Tomorrow, Thursday, January 21st, Gabriella Cohen will present her Masters thesis, titled “ Analyzing Human Mobility Patterns with Zero-Knowledge Routine Diaries”, advised by Eran and Irad Ben-Gal. The talk will take place at room 206, Wolfson building, at Tel Aviv University. Here is what the thesis is about:

Abstract:
Mobile devices have become an integral part of day-to-day life. Since most devices have location positioning technology such as GPS or cellular positioning, a large amount of location data is obtained per user, which generates a continuous and frequent location-sampling of a user. When aggregated together the location data can be used to draw a detailed trajectory of a user: movement patterns, locations visited and the times of the visits.
Human Mobility Patterns hold a tremendous amount of inferred information regarding a user's daily routine, their socioeconomic status, life style, gender, family status, occupation, hobbies etc. Characterizing users using their typical movement patterns can be of great value for many applications, such as marketing and advertising, forecasting the dynamics of crowds, infrastructure and transportation planning, traffic control, smart-home, and social applications. 

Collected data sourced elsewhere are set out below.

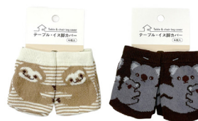
Table & chair leg cover

インナー入数 12 Inner pcs カートン入数 240 Carton pcs
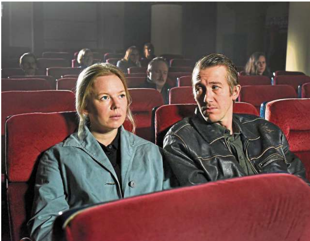
Am 15. Januar gibt es den neuen Film von Aki Kaurismäki, „Fallende Blätter“. Ein typischer Kaurismäki mit wortkargen Akteuren, sparsamem Interieur und vielen Zitaten.

Die nächsten beiden Filme, „Mit Liebe und Entschlossen- heit“ von Claire Denis am 5. Februar und „Die Linie“ von Ursula Meier am 12. Februar erzählen von desolaten Bezie- hungen. Denis seziert in „Mit
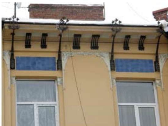
1 – вул. Руставелі, 18
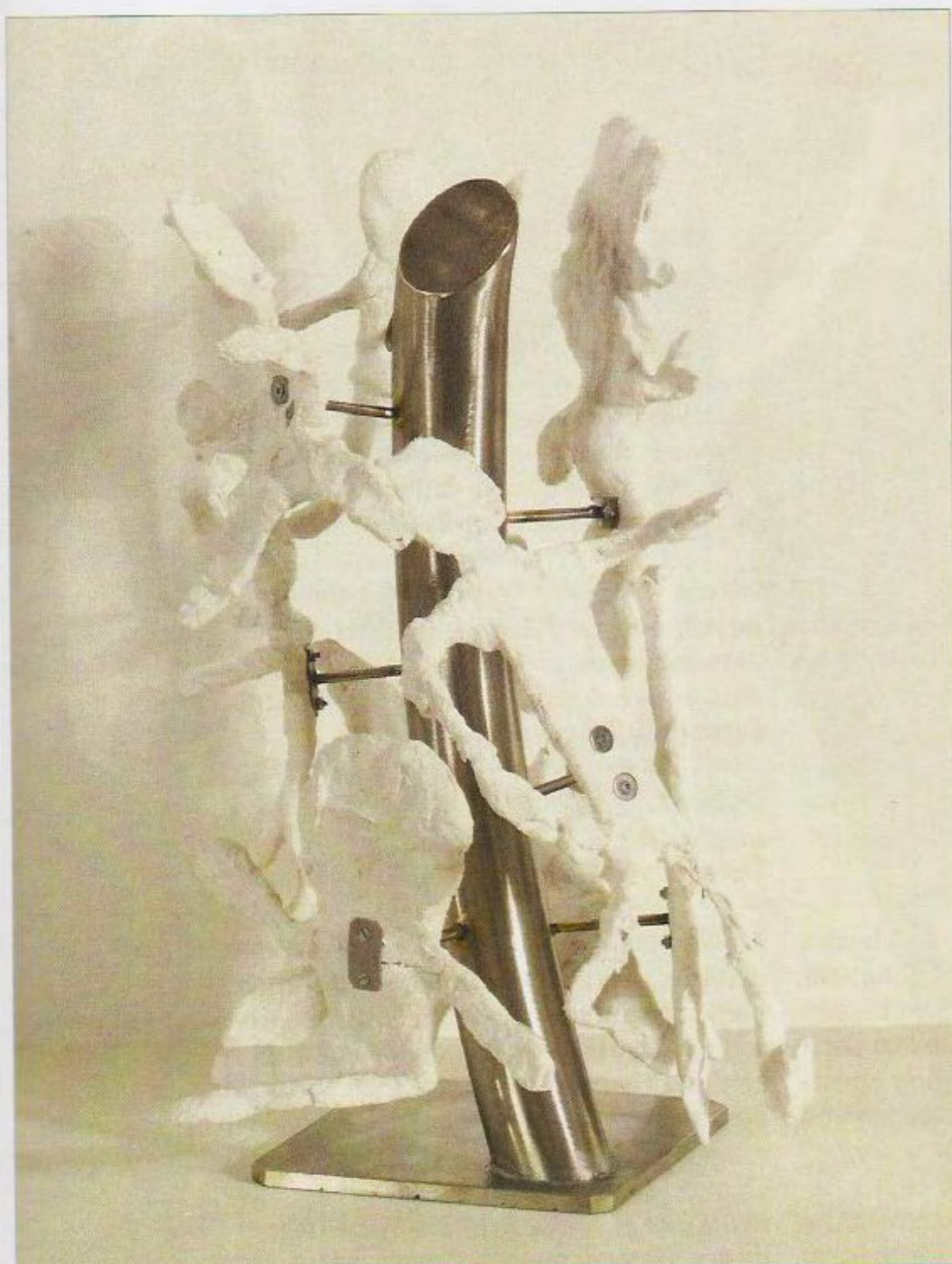
Skulptur „Let's move“ – Draht, Gips, Niro, 20x60cm
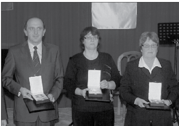
Dobitniki Občinskih priznanj za leto 2008
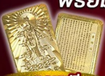
แถมฟรี แผ่นทองเจ้าแม่กวนอิม
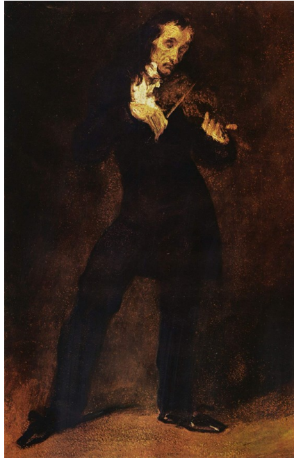
Fig.4 Paganini (1831/2) por Eugène Delacroix (1798-1863). Coleção Privada, Washington DC
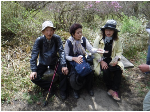
小休憩・ひとついかがですか
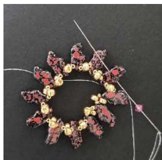
9) Placer une T3, entre chaque Delos (trou du milieu)
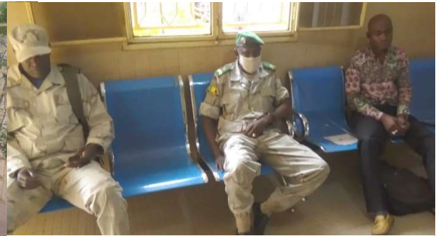
Soldats victimes de mines
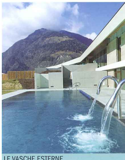
LE VASCHE ESTERNE
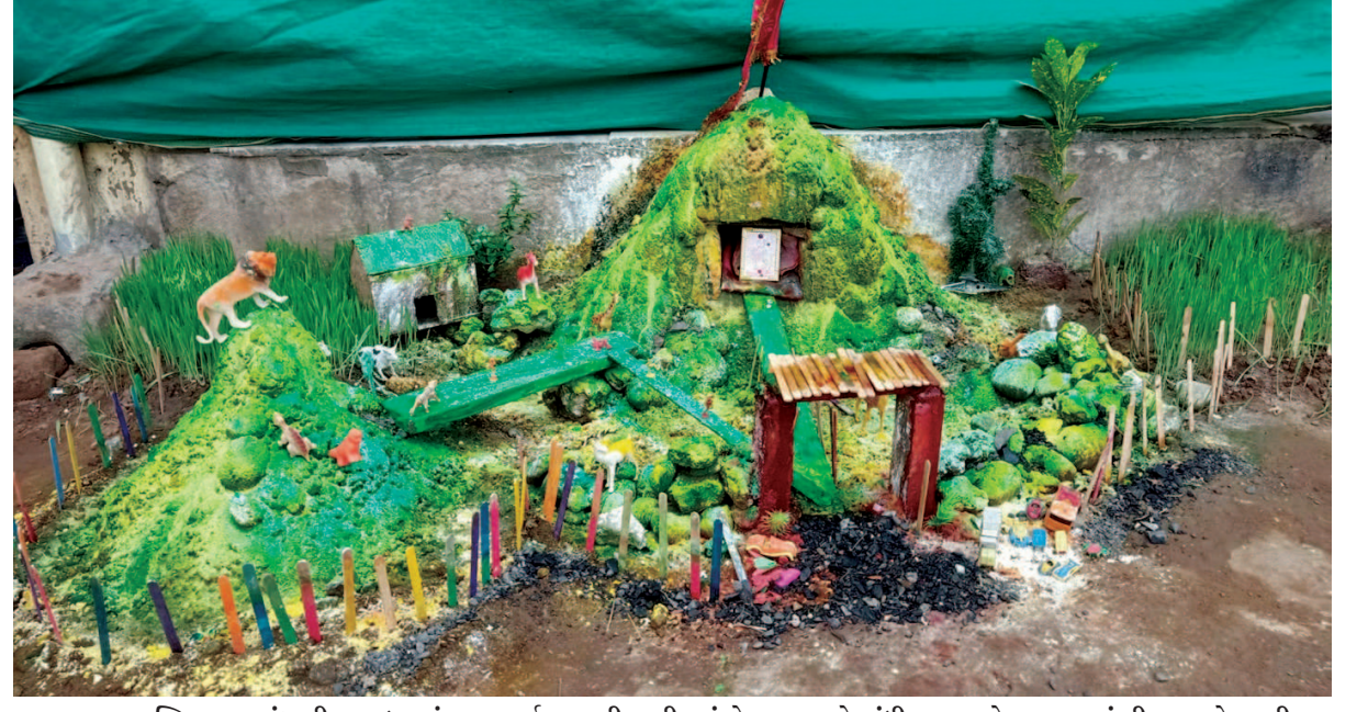
આદ્યશક્તિ મા જગદંબાની આરાધનાનું પાવન પર્વ નવરાત્રી ચાલી રહ્યું છે. આ સમયે ગાંધીનગરના સેક્ટર-૨૪માં શ્રીનગર સોસાયટીના સનેડો નવરાત્રી ગુપ્તના ૧૦૭થી ૧૫ વર્ષના બાળકો દ્વારા દર વર્ષની જેમ ગબ્બર બનાવીને પોતાની આસ્થા અને ભક્તિની પ્રદર્શિત કરી રહ્યાં છે. અને ઉલ્લેખનીય છે કે નવરાત્રીમાં ગબ્બર બનાવવાની પ્રવૃત્તિ બાળકોમાં સર્જનાત્મકતા સાથે ધાર્મિકતાના પાઠ શીખવતી પાઠશાળા સમાન હોય છે.

નિદાન તેમજ સારવાર પુરી પાડવામાં આવશે. તે ઉપરાંત બન્સ વિભાગમાં પ્લાસ્ટિક રિકન્સ્ટ્રક્ચરલ સર્જરી જેવી ઉચ્ચ કક્ષાની સુવિધા આપવામાં આવશે. રેન બસેરામાં હોસ્પિટલમાં દાખલ કરેલા તમામ દર્દીઓના સગાઓ માટે રહેવા તથા જમવાની પુરતી સગવડ માટેનું સેન્ટર ઉભુ કરવામાં આવશે. આ હોસ્પિટલ વેન્ટીલેટેડ, નેચરલ ક્યુબીક, પુરતા પ્રમાણમાં નેચરલ લાઈટીંગ વાળી બનાવવામાં આવનાર છે.
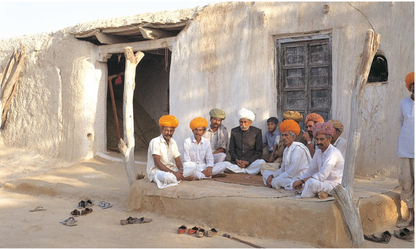
चित्र 9 - मारू राइकाओं की वंशावली बताने वाला.

वंशावली बताने वाला समुदाय का इतिहास बताता है। इस तरह की मौखिक परंपराओं से चरवाहा समुदायों को अपनी पहचान का भाव मिलता है। इन परंपराओं से हम यह पता लगा सकते हैं कि कोई समूह अपने अतीत को किस तरह देखता है।
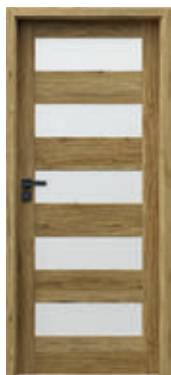
TRIM LITE model B.5 + zárubňa TRIM SIMPLE, rozsah A
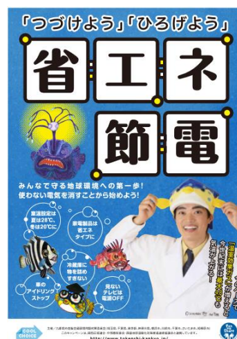
「ライフスタイルの実践・行動」 キャンペーンポスター

こうした様々な取組によって、県民の間で地球温暖化対策及び節電の必要性についての認識は着実に広まっていますが、日常生活において具体的な実践行動に結びつけていくためには、今後も、身近なところから一人ひとりが実践していくことを促す普及啓発を続けていく必要があります。
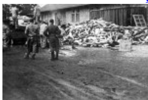
Концентрационен лагер Дахау- затворници освобождават платформата от телата на убитите; на заден план се вижда сградата на крематориума. 1945 г. (IPN) Концентрационен лагер Дахау- затворници освобождават платформата от телата на убитите; на заден план се вижда сградата на крематориума. 1945 г. (IPN)

In this talk I will present and end-to-end model for extracting single-user mobility patterns, both geographic and inferred-semantic routines. I then use all single-users' trajectories to extract mobility pattern clusters and characterize the profile of users that belong to each cluster. Using cellular raw data of 5,000 anonymous users, and no other source of data nor external information, the model identifies both geographical clusters and inferred-semantic clusters of Human Mobility Patterns.